So things around here have been a bit on the crazy side lately (understatement of the century). My husband and I have been battling family illnesses and changes on all fronts. Now, we are facing some challenging circumstances which directly affect us, our future, and our kids... and we are having a difficult time figuring out how best to handle things. 

I mentioned in my last post that I was feeling in a slump. I really was. Not being able to work out due to the weather, the illnesses, and other things really took a toll on me. Over the past couple of weeks though, my husband and I have been trying to spend more quality time together at least one night a week... no kids (at least they will be in bed), no tv, no computers, phones, etc. We have even resorted to playing board games or just sitting together snuggled up talking. This has done wonders for me, I have to say. Having some time to remember what things were like before they got so complicated is wonderful. It has also helped us strengthen our bond, which makes everything easier. 

I have also decided to head up a team for the Promise Walk for Preeclampsia in June, on Lily's first birthday actually, which will be special. I've reached out to friends, family and even my healthcare providers for support. When I look back and realize how close we came to dying, and look at the statistics of how many people do die annually, I find myself feeling extremely blessed. 


Anyone who wants to hear more about our story, or show their support can view the following link:

This feeling also makes me realize that there must be a purpose for me in this world, or else, God would have allowed me to die. I still don't know what it is, but I'm trying to find it.

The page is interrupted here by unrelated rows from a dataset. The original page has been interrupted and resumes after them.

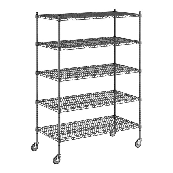 Keep your storage area organized with this Regency 24" wide NSF black epoxy mobile wire shelving starter kit with 5 shelves and 64" posts!
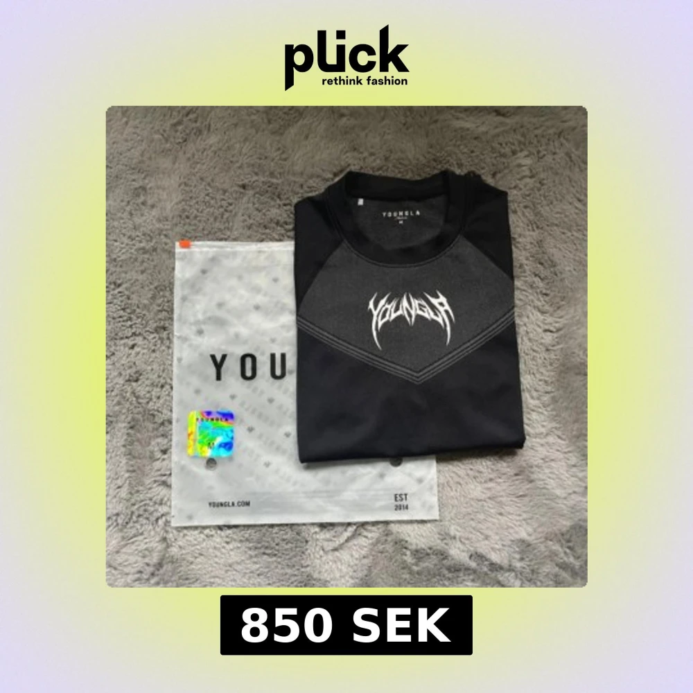 Säljer en svart t-shirt från YoungLA med gråa grafiska detaljer och ett vitt tryck på bröstet. T-shirten har korta ärmar, rund halsringning och är tillverkad i ett stretchigt material som passar perfekt till träning. Tröjan är mycket limiterad och säljs då den inte passade.
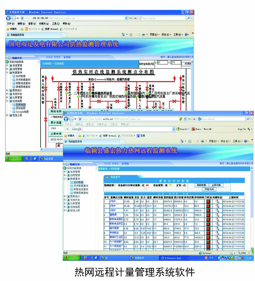 一、系統(tǒng)簡介 熱網(wǎng)遠(yuǎn)程計量管理系統(tǒng)實現(xiàn)用戶供氣供熱信息的實時準(zhǔn)確監(jiān)控,為供熱廠家平衡熱網(wǎng)運(yùn)行狀態(tài)提供了快速真實的現(xiàn)場數(shù)據(jù)。系統(tǒng)為供熱方提供了現(xiàn)代化的計量和收費(fèi)管理,幫助用戶快速發(fā)現(xiàn)熱網(wǎng)運(yùn)行漏洞,對于用戶盜熱行為實現(xiàn)快速聲光報警并且短信通知相關(guān)人員。 二、系統(tǒng)組成 v 監(jiān)控中心:中心服務(wù)器、外網(wǎng)固定IP、熱網(wǎng)管理系統(tǒng)軟件; v 通信網(wǎng)絡(luò): 基于移GPRS或電信CDMA網(wǎng)絡(luò)平臺; v 測控終端:IC卡控制終端、DTU模塊; v 計量儀表:積算儀、流量計、壓力變送器、溫度變送器、電動閥門。
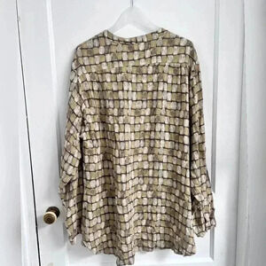 Chico’s art to wear relaxed printed top with mother of Pearl buttons Like New
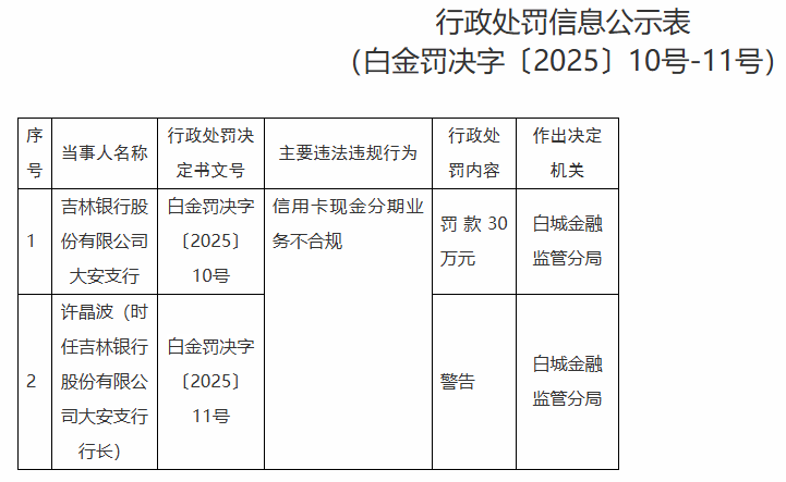吉林银行大安支行违规被罚 信用卡现金分期业务不合规
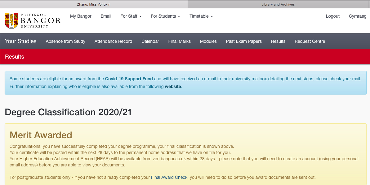 张永新、颜悦以出色的专业知识和英语功底,于2019年8月被英国班戈大学艺术、人文和商业学院(College of Arts, Humanities and Business)体育历史、文化和传媒专业(MA in Sport History, Culture & Media)录取为全日制硕士研究生,且都获得4000英镑奖学金。两位同学勤奋刻苦,克服了新冠疫情等一系列不确定因素带来的困难,最终以优异的成绩毕业。
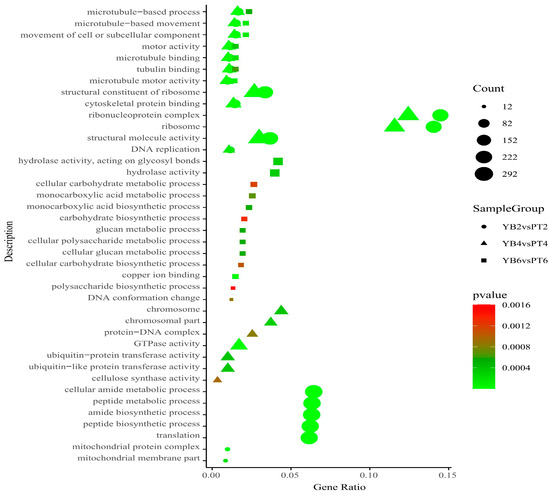 GO enrichment analysis of YB and PT differentially expressed genes at different shedding stages of calyx tube. The abscissa in the figure is the ratio of the number of differentially expressed genes enriched in the GO pathway to the total number of differentially expressed genes; the ordinate is GO enrichment pathway; the size of the point represents the number of genes enriched in the GO pathway; the color from green to red represents the significant size of the enrichment, and the closer to the green, the smaller the significance; different shapes represent different comparison combinations. The circle is YB2vsPT2 (initial shedding), the triangle is YB4vsPT4 (mid-shedding stage), and the square is YB6vsPT6 (late stage of shedding).

It's hard to drown out the voices that have haunted you for so long and really determine what it is that you want to do, or where you want to go in life. I'm trying to branch out and get involved in more things around the community as well. Hoping that I can find my place in this great big world. 

For now, it's enough to know that I'm a most-loved wife, mother, and friend... and that I'm consistently evolving into the person that I'm supposed to be... even when I can't see it clearly.